* [Dataset entries]:
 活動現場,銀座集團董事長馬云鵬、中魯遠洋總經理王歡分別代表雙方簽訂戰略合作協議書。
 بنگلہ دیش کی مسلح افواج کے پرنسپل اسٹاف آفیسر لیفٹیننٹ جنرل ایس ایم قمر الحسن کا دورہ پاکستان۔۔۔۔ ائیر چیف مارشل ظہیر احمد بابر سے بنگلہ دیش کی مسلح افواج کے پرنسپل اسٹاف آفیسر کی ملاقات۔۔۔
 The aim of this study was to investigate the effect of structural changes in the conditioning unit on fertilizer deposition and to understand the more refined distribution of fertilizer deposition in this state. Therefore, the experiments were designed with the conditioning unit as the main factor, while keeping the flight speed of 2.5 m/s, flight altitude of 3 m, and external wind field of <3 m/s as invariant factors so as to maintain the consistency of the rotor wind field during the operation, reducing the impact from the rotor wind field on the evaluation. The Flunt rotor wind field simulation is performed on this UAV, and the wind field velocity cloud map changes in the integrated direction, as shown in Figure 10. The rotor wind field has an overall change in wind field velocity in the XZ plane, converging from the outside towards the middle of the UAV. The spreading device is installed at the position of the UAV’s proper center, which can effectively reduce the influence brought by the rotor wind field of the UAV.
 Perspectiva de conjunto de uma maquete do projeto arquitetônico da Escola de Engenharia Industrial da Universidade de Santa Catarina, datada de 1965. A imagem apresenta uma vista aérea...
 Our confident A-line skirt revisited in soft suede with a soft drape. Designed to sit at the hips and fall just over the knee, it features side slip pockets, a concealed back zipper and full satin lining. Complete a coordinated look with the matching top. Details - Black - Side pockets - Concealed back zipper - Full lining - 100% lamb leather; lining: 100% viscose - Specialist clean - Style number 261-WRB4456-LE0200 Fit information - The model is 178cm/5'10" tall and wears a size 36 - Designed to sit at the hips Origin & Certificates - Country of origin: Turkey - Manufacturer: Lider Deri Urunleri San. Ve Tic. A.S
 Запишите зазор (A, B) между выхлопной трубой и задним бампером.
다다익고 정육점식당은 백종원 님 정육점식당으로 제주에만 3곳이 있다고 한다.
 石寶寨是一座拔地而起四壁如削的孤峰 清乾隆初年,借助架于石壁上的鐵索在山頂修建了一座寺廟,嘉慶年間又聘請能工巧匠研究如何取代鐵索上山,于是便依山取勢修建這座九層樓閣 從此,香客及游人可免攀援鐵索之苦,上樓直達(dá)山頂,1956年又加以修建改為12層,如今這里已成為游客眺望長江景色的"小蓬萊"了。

* [Task]:
Retype each entry exactly.

* [Expected answer]:
 活動現場,銀座集團董事長馬云鵬、中魯遠洋總經理王歡分別代表雙方簽訂戰略合作協議書。
 بنگلہ دیش کی مسلح افواج کے پرنسپل اسٹاف آفیسر لیفٹیننٹ جنرل ایس ایم قمر الحسن کا دورہ پاکستان۔۔۔۔ ائیر چیف مارشل ظہیر احمد بابر سے بنگلہ دیش کی مسلح افواج کے پرنسپل اسٹاف آفیسر کی ملاقات۔۔۔
 The aim of this study was to investigate the effect of structural changes in the conditioning unit on fertilizer deposition and to understand the more refined distribution of fertilizer deposition in this state. Therefore, the experiments were designed with the conditioning unit as the main factor, while keeping the flight speed of 2.5 m/s, flight altitude of 3 m, and external wind field of <3 m/s as invariant factors so as to maintain the consistency of the rotor wind field during the operation, reducing the impact from the rotor wind field on the evaluation. The Flunt rotor wind field simulation is performed on this UAV, and the wind field velocity cloud map changes in the integrated direction, as shown in Figure 10. The rotor wind field has an overall change in wind field velocity in the XZ plane, converging from the outside towards the middle of the UAV. The spreading device is installed at the position of the UAV’s proper center, which can effectively reduce the influence brought by the rotor wind field of the UAV.
 Perspectiva de conjunto de uma maquete do projeto arquitetônico da Escola de Engenharia Industrial da Universidade de Santa Catarina, datada de 1965. A imagem apresenta uma vista aérea...
 Our confident A-line skirt revisited in soft suede with a soft drape. Designed to sit at the hips and fall just over the knee, it features side slip pockets, a concealed back zipper and full satin lining. Complete a coordinated look with the matching top. Details - Black - Side pockets - Concealed back zipper - Full lining - 100% lamb leather; lining: 100% viscose - Specialist clean - Style number 261-WRB4456-LE0200 Fit information - The model is 178cm/5'10" tall and wears a size 36 - Designed to sit at the hips Origin & Certificates - Country of origin: Turkey - Manufacturer: Lider Deri Urunleri San. Ve Tic. A.S
 Запишите зазор (A, B) между выхлопной трубой и задним бампером.
다다익고 정육점식당은 백종원 님 정육점식당으로 제주에만 3곳이 있다고 한다.
 石寶寨是一座拔地而起四壁如削的孤峰 清乾隆初年,借助架于石壁上的鐵索在山頂修建了一座寺廟,嘉慶年間又聘請能工巧匠研究如何取代鐵索上山,于是便依山取勢修建這座九層樓閣 從此,香客及游人可免攀援鐵索之苦,上樓直達(dá)山頂,1956年又加以修建改為12層,如今這里已成為游客眺望長江景色的"小蓬萊"了。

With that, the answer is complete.